_WHAT YOU NEED TO DO_
In the listing below, print exactly the lines between the line holding "儿童餐椅便携式宝宝餐椅便携折叠式吃饭餐桌椅户外拍照沙滩椅带伞" and the line holding "copieur, scanner |", inclusive, and no more.

_MATERIAL PROVIDED_
┄┄┄┄┄┄
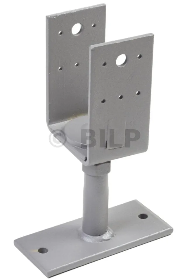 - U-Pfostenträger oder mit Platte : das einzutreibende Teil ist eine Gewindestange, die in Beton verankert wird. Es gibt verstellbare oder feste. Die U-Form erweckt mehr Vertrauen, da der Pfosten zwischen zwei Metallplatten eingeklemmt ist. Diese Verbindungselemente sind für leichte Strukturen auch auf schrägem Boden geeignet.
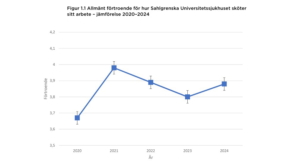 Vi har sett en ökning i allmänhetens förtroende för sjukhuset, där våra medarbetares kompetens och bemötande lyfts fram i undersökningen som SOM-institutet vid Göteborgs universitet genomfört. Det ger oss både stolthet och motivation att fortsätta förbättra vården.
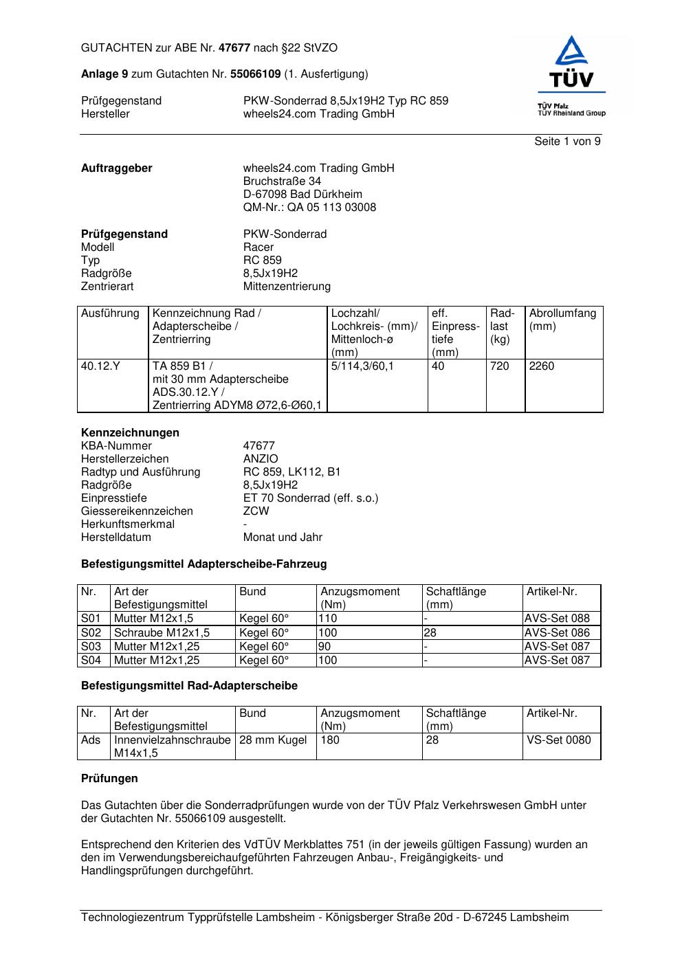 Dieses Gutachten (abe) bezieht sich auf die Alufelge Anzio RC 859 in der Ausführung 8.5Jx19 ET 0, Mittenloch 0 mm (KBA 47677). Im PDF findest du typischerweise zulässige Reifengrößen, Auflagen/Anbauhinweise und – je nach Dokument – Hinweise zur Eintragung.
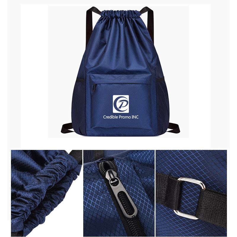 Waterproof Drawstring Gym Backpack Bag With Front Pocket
┄┄┄┄┄┄
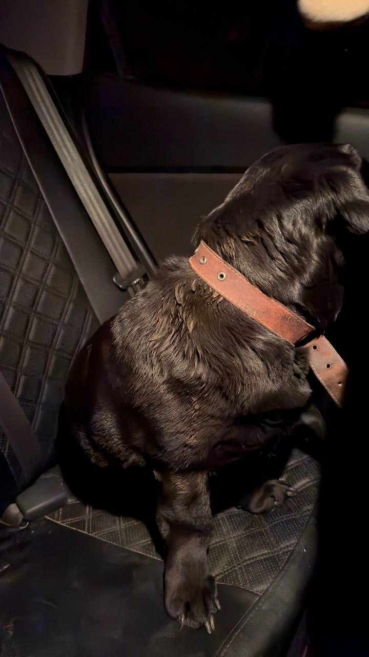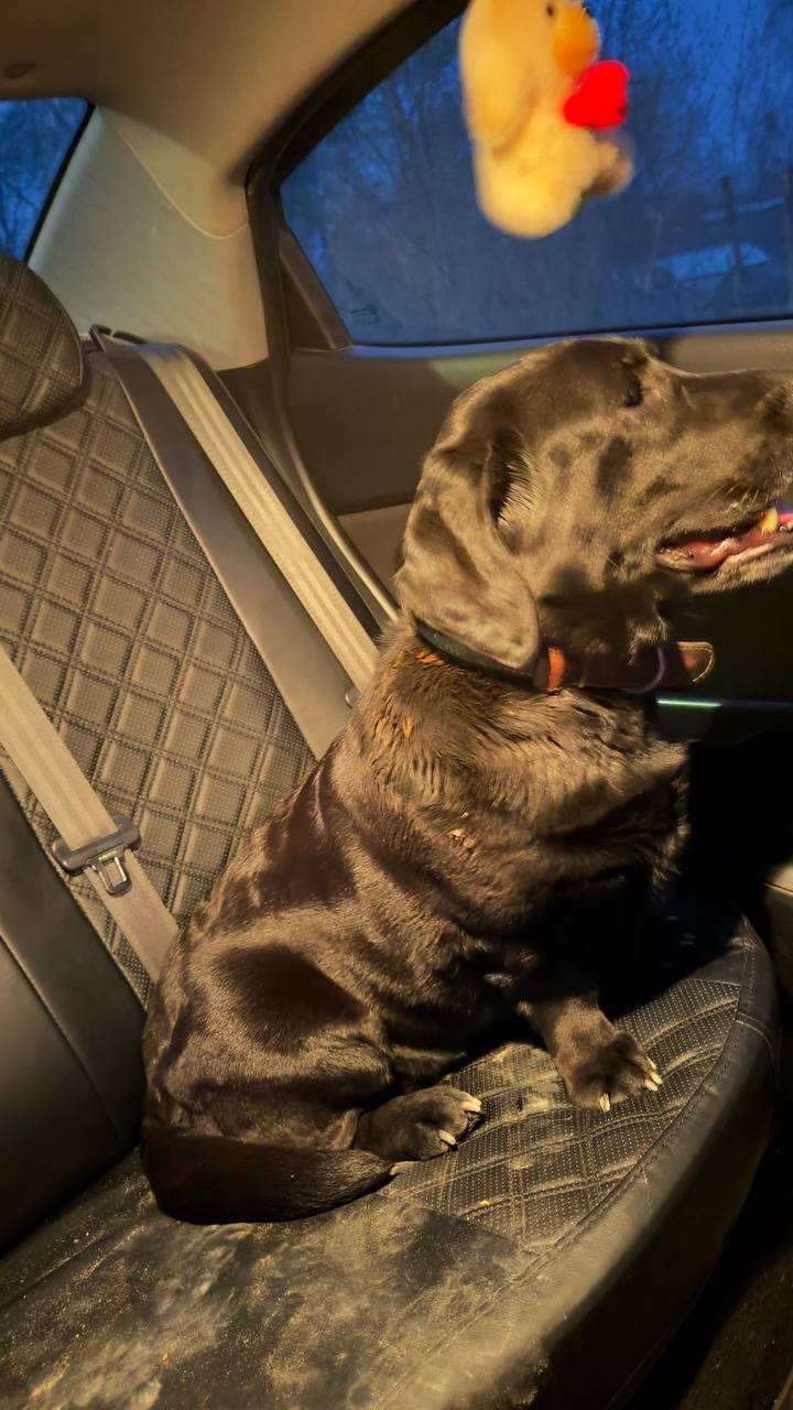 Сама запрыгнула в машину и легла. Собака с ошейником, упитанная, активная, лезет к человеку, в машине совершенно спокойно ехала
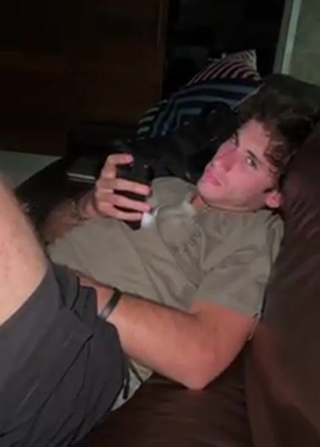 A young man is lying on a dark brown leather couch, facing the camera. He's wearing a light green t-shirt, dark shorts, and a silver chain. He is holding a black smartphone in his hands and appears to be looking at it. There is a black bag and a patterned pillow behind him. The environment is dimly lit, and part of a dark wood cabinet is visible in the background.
┄┄┄┄┄┄
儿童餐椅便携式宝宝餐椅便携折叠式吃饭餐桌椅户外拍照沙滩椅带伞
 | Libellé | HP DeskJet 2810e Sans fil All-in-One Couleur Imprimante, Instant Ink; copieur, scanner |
┄┄┄┄┄┄
_EXPECTED ANSWER_
儿童餐椅便携式宝宝餐椅便携折叠式吃饭餐桌椅户外拍照沙滩椅带伞
 | Libellé | HP DeskJet 2810e Sans fil All-in-One Couleur Imprimante, Instant Ink; copieur, scanner |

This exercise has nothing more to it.